Led Zeppelin drew on Penderecki


Forty years after its premiere, the “Physical Graffiti” reissue has just toped the U.K. album chart. When commenting on the album’s exceptional sound, Jimmy Page told “Rolling Stone” that he was inspired by Krzysztof Penderecki’s music when putting the guitars together, writes Jacek Cieślak in “Rzeczpospolita”.
“This breakthrough album might have never happened. The group could have disbanded. Bassist and keyboardist John Paul Jones was so tired with the hundreds of concerts that he decided to part with his friends and become choirmaster at Winchester Cathedral.
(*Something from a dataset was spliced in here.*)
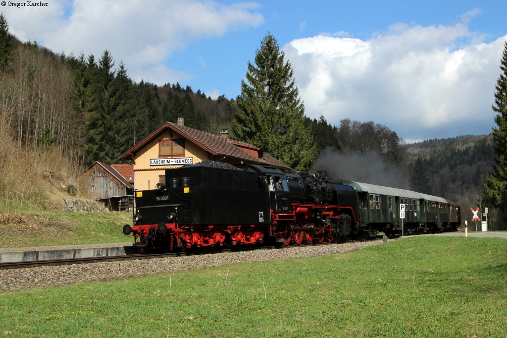 Parallelfahrt bei den Rottweiler Dampfloktagen. Rechts 52 7596 mit dem DPE 90166 (Rottweil-Spaichingen), links die 75 1118 mit dem DPE 90156 (Rottweil-Schwenningen). Aufgenommen in Rottweil-Saline am 04.10.2014. Gregor Kaercher

Luckily this never happened; the band’s manager advised the musicians to give Jones a bit of a breather”, recalls Cieślak.
“The album was recorded at the 18th-century Headley Grange estate, where Led Zeppelin had recorded ‘Stairway to Heaven’. The oriental ‘Kashmir’, the phenomenal ‘In the Light’, the hit “Houses of the Holy” and the rock and roll ‘Boogie with Stu’ have achieved legend status.
‘Kashmir’, with John Bonham’s monumental drums, was recorded first. It was complemented with a full orchestra at the end of the session. It was a breakthrough: before that, only subtle arrangements for strings could be heard in Led Zeppelin.”
The group were inspired by the music of Krzysztof Penderecki. “He would have liked that. [Our album] was a monumental piece of work, just because of the various paths that we’d trodden along to get to this: It was like a voyage of discovery, a topographical adventure,” says Jimmy Page, the group’s producer, composer and frontman.